▶ [Task to complete]:
Output exactly, and only, the lines below from the one with "Битълс Любовни песни плоча Балкантон без корица, снимка 1" down to the one with "10月14日上午,德城区卫健". Include both end lines and no pictures.

*** Opening of Listed records ***

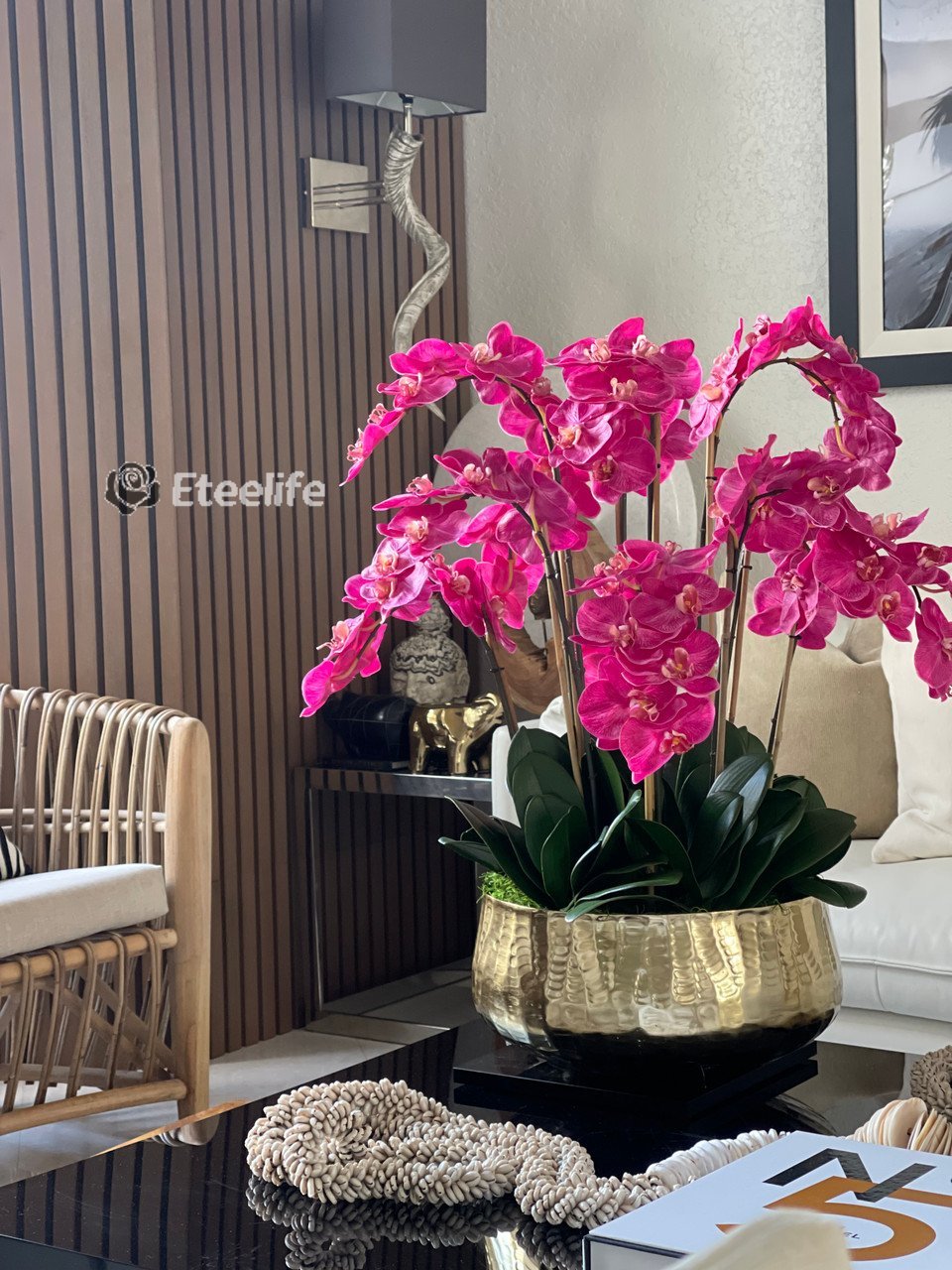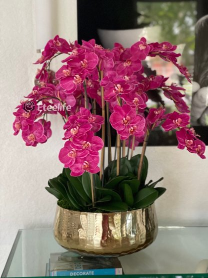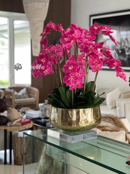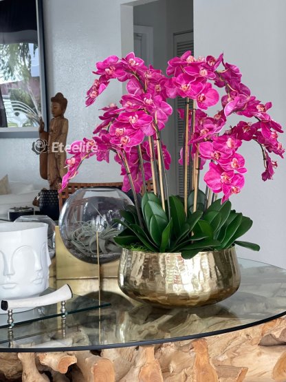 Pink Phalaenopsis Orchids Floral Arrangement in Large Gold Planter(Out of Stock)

*** Close of Listed records ***
*** Opening of Listed records ***

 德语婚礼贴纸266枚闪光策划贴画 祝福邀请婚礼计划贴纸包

*** Close of Listed records ***
*** Opening of Listed records ***

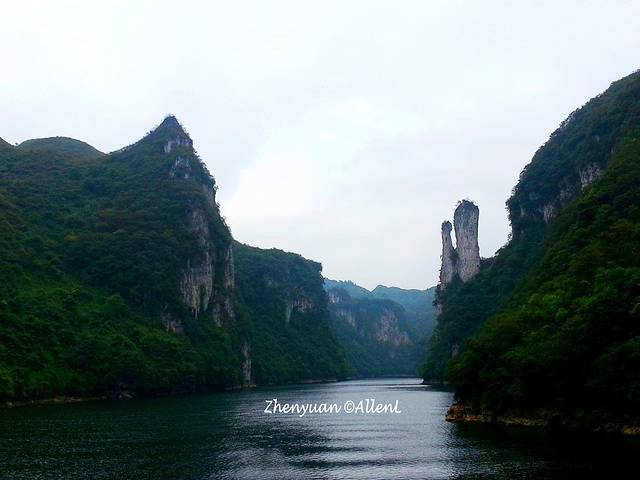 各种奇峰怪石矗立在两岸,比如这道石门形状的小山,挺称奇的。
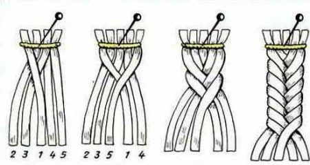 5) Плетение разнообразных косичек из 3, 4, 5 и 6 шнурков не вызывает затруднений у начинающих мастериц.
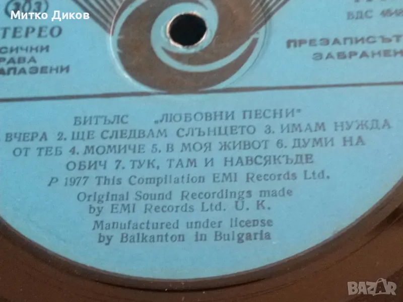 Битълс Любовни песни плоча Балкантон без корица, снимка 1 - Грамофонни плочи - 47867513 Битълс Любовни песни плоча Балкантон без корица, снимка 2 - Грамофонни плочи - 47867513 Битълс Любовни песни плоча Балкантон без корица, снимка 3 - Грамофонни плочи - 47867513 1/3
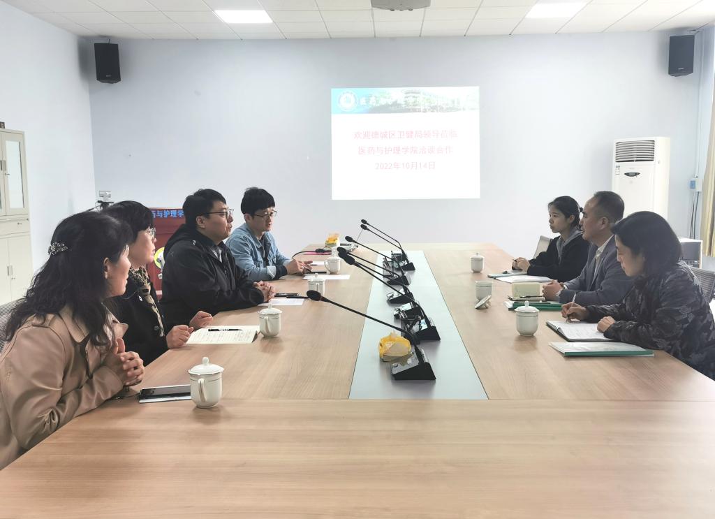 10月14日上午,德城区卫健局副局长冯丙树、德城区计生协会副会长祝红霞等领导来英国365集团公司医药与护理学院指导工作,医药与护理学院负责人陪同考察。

*** Close of Listed records ***

▶ [Answer to this task]:
 Битълс Любовни песни плоча Балкантон без корица, снимка 1 - Грамофонни плочи - 47867513 Битълс Любовни песни плоча Балкантон без корица, снимка 2 - Грамофонни плочи - 47867513 Битълс Любовни песни плоча Балкантон без корица, снимка 3 - Грамофонни плочи - 47867513 1/3
 10月14日上午,德城区卫健局副局长冯丙树、德城区计生协会副会长祝红霞等领导来英国365集团公司医药与护理学院指导工作,医药与护理学院负责人陪同考察。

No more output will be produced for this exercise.